Of course, I’m talking about OpenAI’s Generative Pretrained Transformer 3 or commonly known as GPT-3. OpenAI announced that they are opening up access to it through their API which is invite-only at this point.
So far I’ve seen it described as the biggest thing since the Internet, the Blockchain, and everything in between. It intrigued me to no end and I wanted to learn more. That made me go down a bit of a rabbit hole. Here’s my attempt to summarize my findings from a layman perspective.
Show me the Magic!
Before we understand what’s under the hood, let’s see this in action.
Search Engine
Here’s a demo where GPT-3 acts as a search engine that can reply with an answer to your exact query
I made a fully functioning search engine on top of GPT3.
— Paras Chopra (@paraschopra) July 19, 2020
For any arbitrary query, it returns the exact answer AND the corresponding URL.
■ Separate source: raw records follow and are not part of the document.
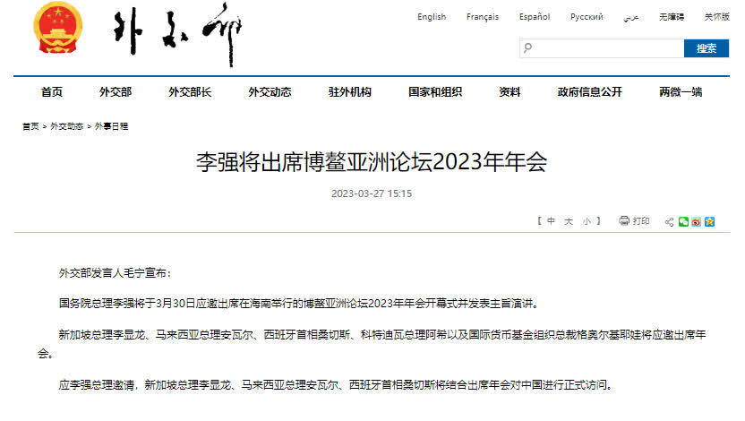 據外交部網站消息,外交部發言人毛寧今日(3月27日)宣布,國務院總理李強將於3月30日應邀出席在海南舉行的博鰲亞洲論壇2023年年會開幕式並發表主旨演講。
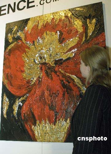 第三十屆紐約藝術(shù)博覽會(huì)28日在曼哈頓開(kāi)幕,為期5天的博覽會(huì)將展出數(shù)十個(gè)國(guó)家的近千名藝術(shù)家的美術(shù)、雕塑、攝影等藝術(shù)作品。圖為來(lái)自丹麥的一名藝術(shù)家以黃金為創(chuàng)作材料的油畫(huà)作品《花》。中新社發(fā) 鄧悅 攝
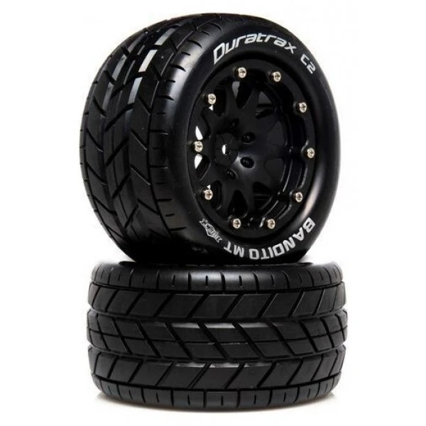A set of two (2) Duratrax part #DTXC5515, Bandito MT Belted 2.8″ 2WD Mounted Rear Tires with 0 Offset, Black
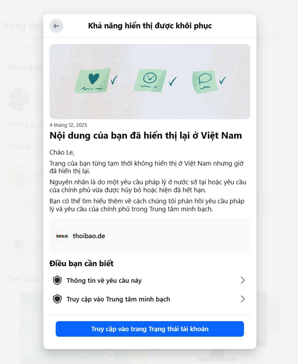 Vào tháng 12 năm 2025, Thoibao.de nhận được email từ Meta cho biết công ty có trụ sở tại Mỹ này tạm thời chặn tất cả các trang Facebook của Thoibao.de tại Việt Nam theo yêu cầu của chính quyền Hà Nội. Các phương tiện truyền thông tiếng Việt lưu vong khác cũng chịu chung số phận. Tất cả các phương tiện truyền thông trong nước Việt Nam đều chịu sự kiểm duyệt của nhà nước. Trong Chỉ số Tự do Báo chí của Phóng viên Không Biên giới, Việt Nam xếp hạng thứ 173 trên 180 quốc gia trên thế giới. Lệnh chặn này cho phép Đảng Cộng sản Việt Nam tổ chức đại hội đảng vào tháng 1 mà người dân không thể tiếp cận thông tin không bị kiểm duyệt từ nước ngoài.

Look at the entire video. It's MIND BLOWINGLY good.
cc: @gdb @npew @gwern pic.twitter.com/9ismj62w6l
Tabulating
Ok, so it can give me plain text answers but can it generate structured data? Yessir
=GPT3()... the spreadsheet function to rule them all.
— Paul Katsen (@pavtalk) July 21, 2020
Impressed with how well it pattern matches from a few examples.
The same function looked up state populations, peoples' twitter usernames and employers, and did some math. pic.twitter.com/W8FgVAov2f
Designing
Great so it knows Excel. But can it design a UI? Apparently, yes!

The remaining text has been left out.